As it is my firm belief that idle hands are the devil’s workshop, I set the troops to putting together the charts for the Passing Exercise (PASSEX) and building the kneeboard card package for the aviators. I’m supposed to brief the fucking E-2 Steeljaw ready room tomorrow on the Theater Intelligence Architecture (whatever that is), since they contribute to the Purple Network that provides situational awareness to the aviators, and that is why we got the boondoggle to FOSIF Rota. I suppose I ought to start working on it.

69 days to go.

022416-4

*So, after we got back from cruise, and things had returned to a sort of normalcy, FID’s Mission Planning spaces had been emptied of all operational equipment and sanitized of classified material, since the maintenance crew needed to have access. We happened to be back on the ship for a meeting before I detached for Washington.

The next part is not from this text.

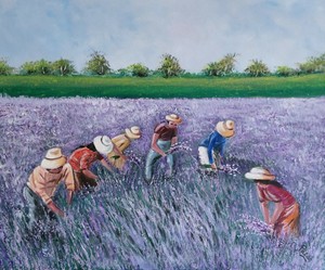 Quadro In Acrilico Su Tela Raccolta Della Lavanda 60 X 50 Ebay

The five-drawer safes were all open, drawers jutting out to permit combination changes for the next deployment, and I happened to looking at one, and I noticed a thin flash of white in back of one of the drawers- behind the gray metal of the drawer itself. My heart raced, and I fished around the narrow opening and succeeded in pulling it out. It was wrinkled like an accordion, and was the first page of one of the TS/SPECAT target packages. It must have peeled away from the rest of the file when the drawer was jammed shut, and had rested there peacefully for weeks.

I looked around to see if anyone else had noticed, and they had not. I walked briskly to the shredder and took care of the problem. Now that FID is being broken up at the scrap yard down in Texas, I wonder what else they might find?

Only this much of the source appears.